New to the Group’s CSR activities are the Hampton by Hilton and Crowne Plaza Utrecht Centraal Station hotel teams. Both hotel teams participated in the social Mag ik dan bij jou program which saw the hotels setting aside rooms to accommodate the overflow of parents whose children were in the hospital, and when the nearby Ronald McDonald house was fully booked. On the environmental side, the hotels also started a program similar to the “Plant a tree” program by Hilton, whereby guests are asked to choose whether to have their rooms cleaned. This helps to create awareness among guests of the importance of saving water and energy. The hotels also collected and sold used toners from copiers and printers to Eeko, an organisation that refills the toners for resale. The proceeds received by the hotels from Eeko were donated to ‘Clinic clowns’, an organisation that, among other things, sends clowns to visit and entertain children in hospitals.
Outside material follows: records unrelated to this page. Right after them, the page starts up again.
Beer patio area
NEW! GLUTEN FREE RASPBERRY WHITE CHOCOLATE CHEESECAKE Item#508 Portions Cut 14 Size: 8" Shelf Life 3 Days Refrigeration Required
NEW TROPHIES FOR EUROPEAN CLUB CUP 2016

The Group will continue to support programs that bring communities together, have a socially and environmentally positive impact, or build and foster business-to-community relationships.
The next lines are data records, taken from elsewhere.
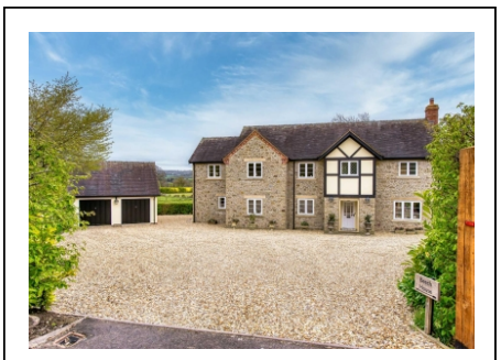
Beech House, Munslow, Shropshire
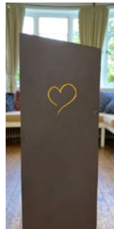
Wild at Heart Purple plum slate, 23 carat gold leaf 87 x 8.5 x 4.3 cm

He thrives on the end result and meeting the criteria set by the customer often resulting in raising the expectations with the image on paper becoming an actual portrayal of work carved into any piece of stone. He feels that a memory needs to last a lifetime and since his work often arises from personal recommendations, he continues to aim for nothing but perfection.
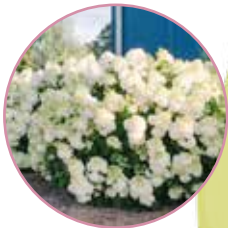
First Editions® Little Hottie® Panicle Hydrangea Hydrangea paniculata 'Bailpanone' PP32,549

Despite the proverbial light at the end of the tunnel with regards to the Covid-19 pandemic, the Group recognizes the risks on the horizon stemming from the geopolitical tensions and global inflationary pressures. The Group is committed to maintaining its operational readiness and flexibility, and will remain vigilant and prudent as it navigates through this period of volatility and turbulence.
The Group is backed by a strong balance sheet, substantial potential equity infusion from the exercise of outstanding warrants and unutilised committed credit facilities. The aforementioned, along with the cashflow expected to be generated by the record number of development projects to be launched for pre-sale in FY2023, will bolster the Group’s financial strength such that it will be ready to capitalise on any good business opportunities when they arise.
In spite of the many hurdles that we had to overcome, First Sponsor is here today because of the support from its many stakeholders and, on behalf of the Board, I would like to convey our gratitude for all your diligence and commitment to the Group. To my fellow Directors, thank you for sharing your vision, wisdom, experience and counsel. Last but certainly not least, I would like to express our heartfelt appreciation to our shareholders, customers, business associates, bankers and partners who have been steadfast in their support. We truly value your support and faith in us. Let us once again band together and overcome any obstacles so that we may emerge with greater success in FY2023.